▶ **Records excerpted from a collection**

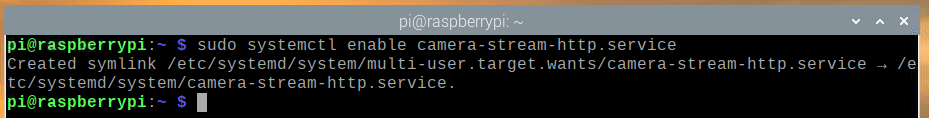 You can add the camera-stream-http systemd service to the system startup of Raspberry Pi OS with the following command:
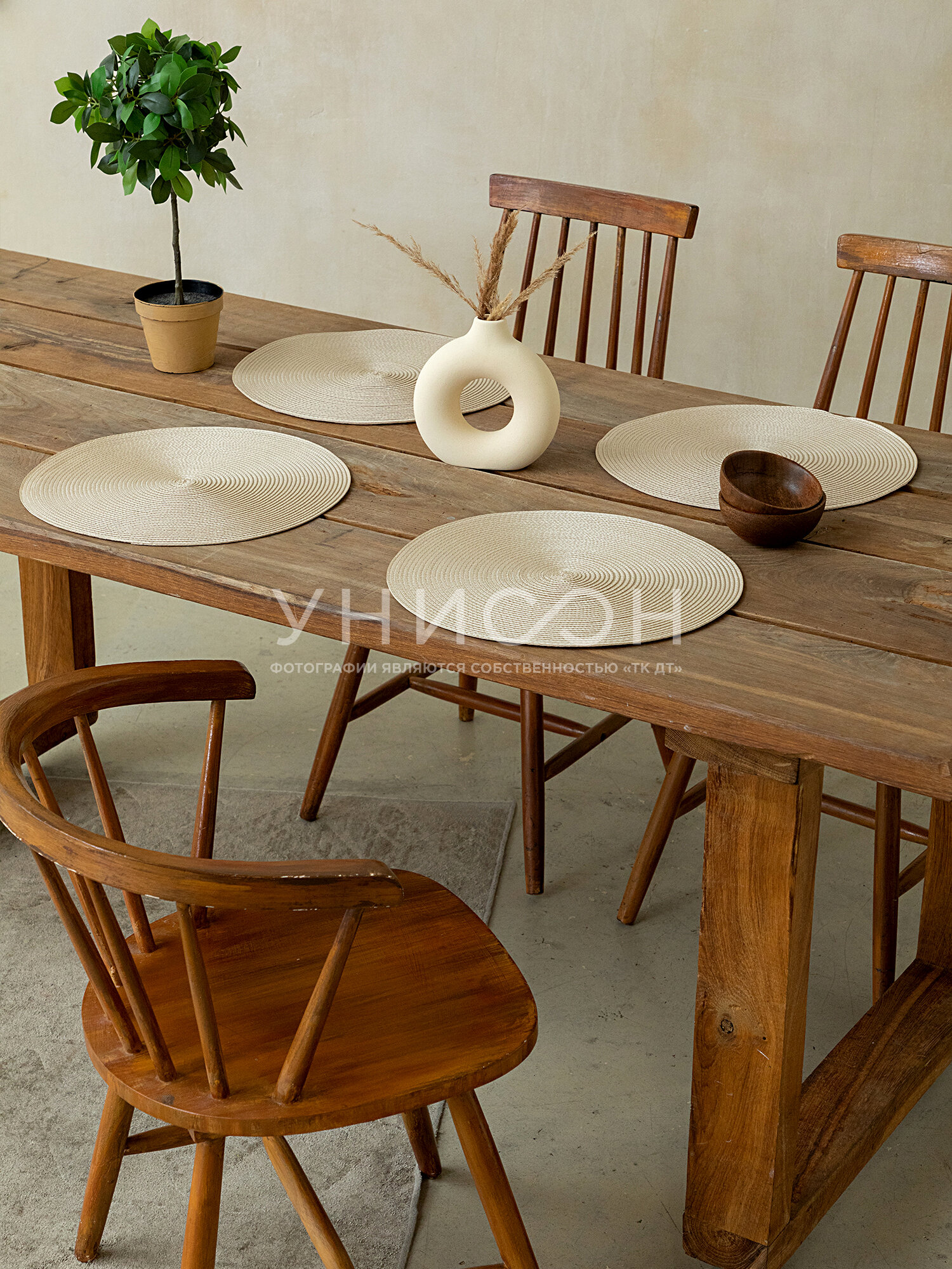 Комплект салфеток/ плейсматов /подставок плетеных круг D38 (4 шт.) "Унисон" "Унисон" бежевый 400 ₽
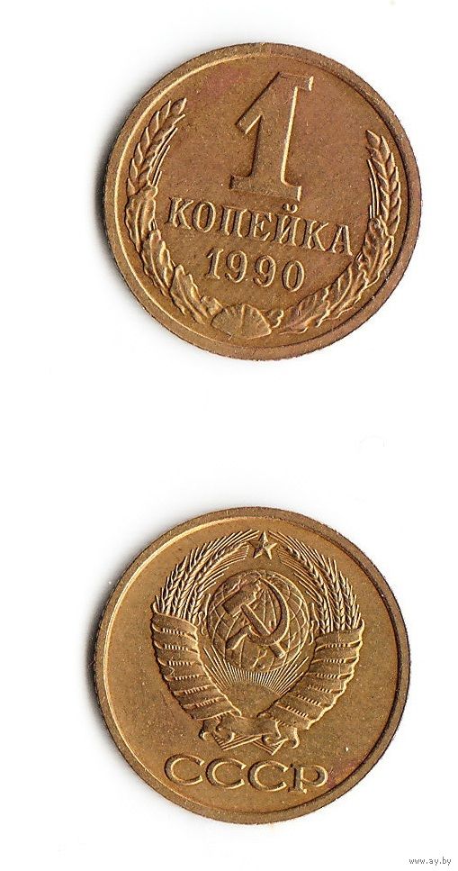 1 копейка СССР 1990 года, состояние отображено на скане.
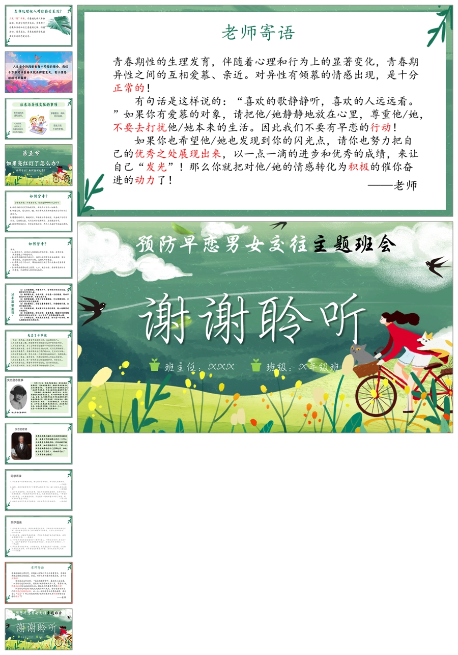 首页 通用班会 【5511】【早恋话题】《花开应有时》预防早恋男女交往主题班会PPT课件(课件+教学设计)
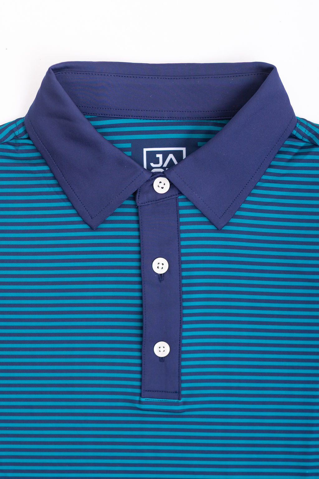 Bold and refined, the Coral Polo brings a fresh energy to your game. Featuring vibrant teal and navy horizontal stripes, this polo stands out with a clean, modern design. The solid navy collar and placket provide a sharp contrast, while the lightweight performance fabric ensures breathability and comfort from the first tee to the clubhouse. Whether you’re chasing birdies or just soaking up the sun, this new arrival is your go-to for effortless style on and off the course.
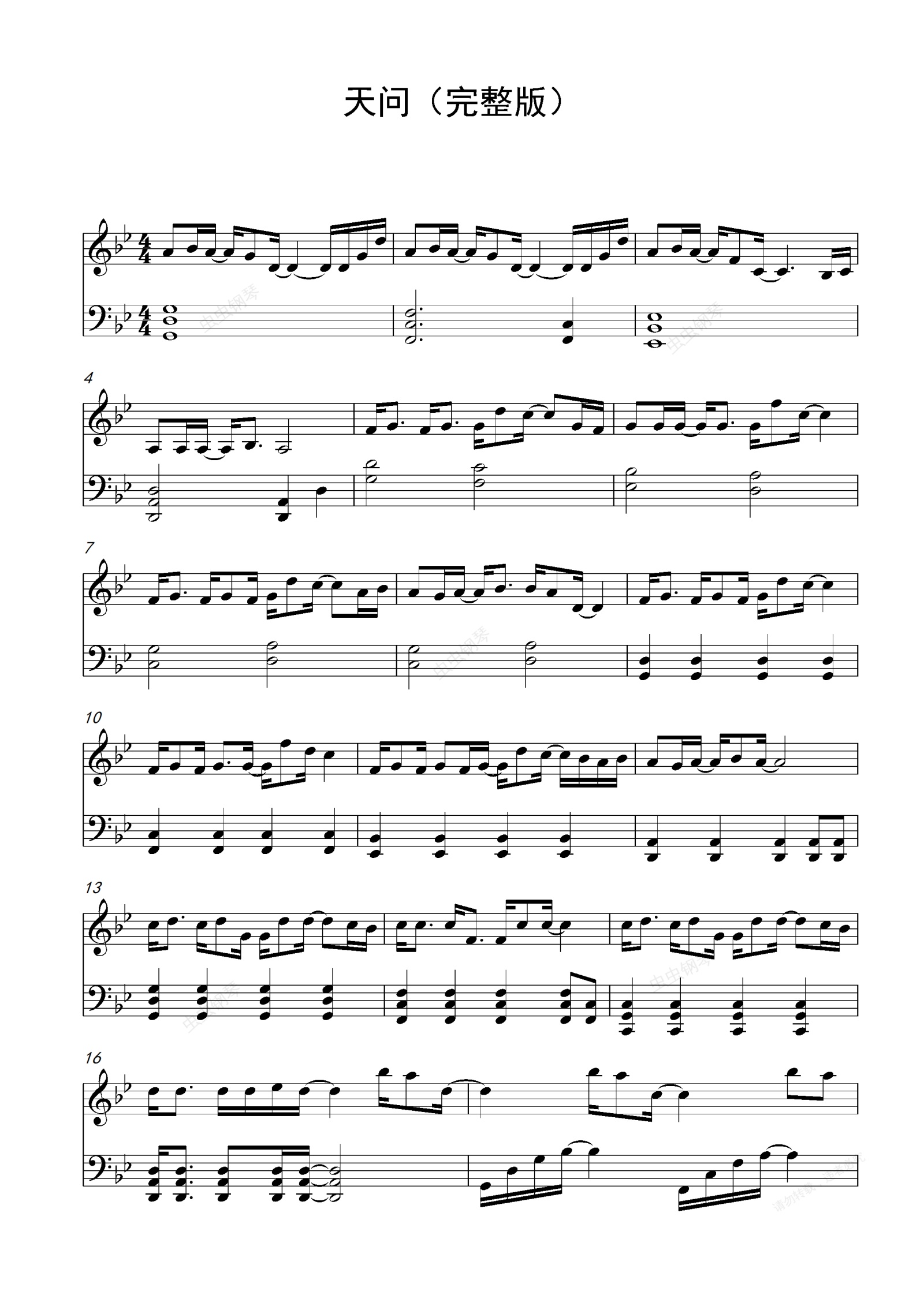 钢琴谱:天问-山河令-完整版-新手好听易学-bB-弹钢琴的余鱼编配-网红热歌
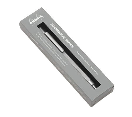 Hochwertiger Druckbleistift aus gebürstetem Aluminium in silber. Der Bleistift hat eine hexagone -sechseckige- Form und trägt einen kleinen Radiergummi unter dem Druckknopf. Der Clip trägt das Rhodia Logo in weiß
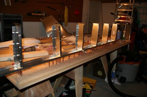 drilled all center ribs onto front spar, ensuring they were opened outboard.
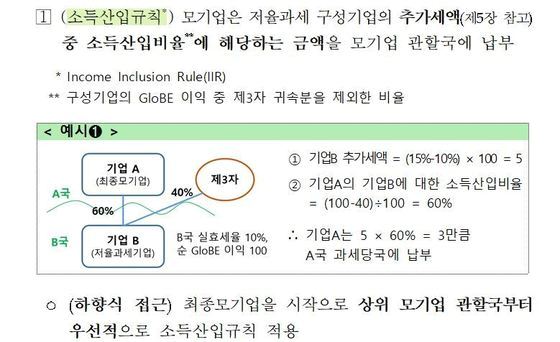 소득산입규칙은 그룹 자회사에서 미달 세액이 발생했을 때 이를 모기업이 ‘모기업 관할국’에 납부토록 하는 내용이다.
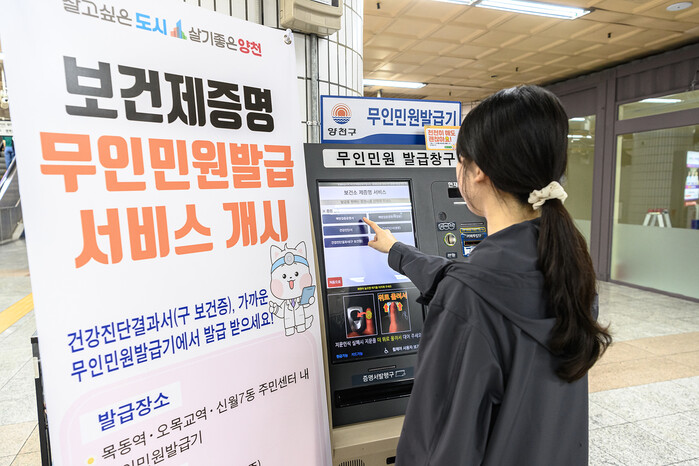 [시민일보 = 이대우 기자] 양천구(구청장 이기재)가 구민 편의 증진을 위해 ‘보건제증명 무인민원 발급 서비스’를 시작한다.
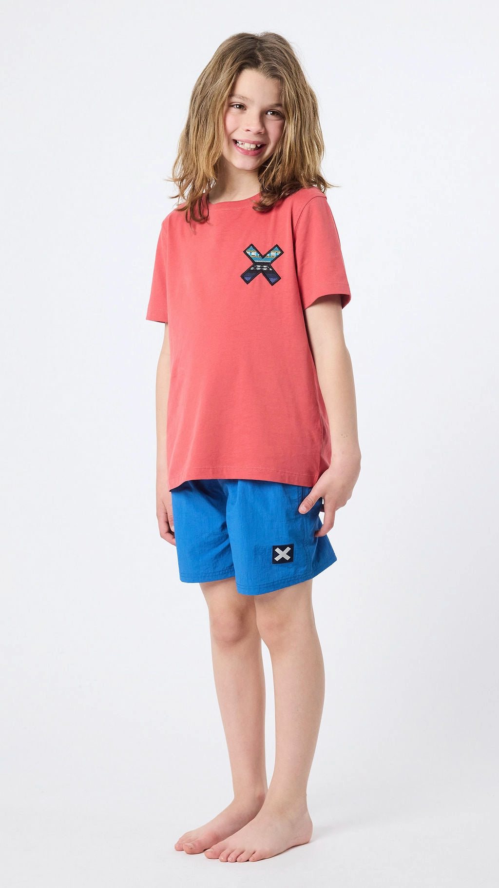 Bañador recto con cintura elástica y cordón ajustable.

▶ **TASK TO CARRY OUT**
Give again, word for word, the lines above from the first one through the one containing "首页 通用班会 【5511】【早恋话题】《花开应有时》预防早恋男女交往主题班会PPT课件(课件+教学设计)"; no pictures.

▶ **WRITTEN RESPONSE**
 You can add the camera-stream-http systemd service to the system startup of Raspberry Pi OS with the following command:
 Комплект салфеток/ плейсматов /подставок плетеных круг D38 (4 шт.) "Унисон" "Унисон" бежевый 400 ₽
 1 копейка СССР 1990 года, состояние отображено на скане.
 首页 通用班会 【5511】【早恋话题】《花开应有时》预防早恋男女交往主题班会PPT课件(课件+教学设计)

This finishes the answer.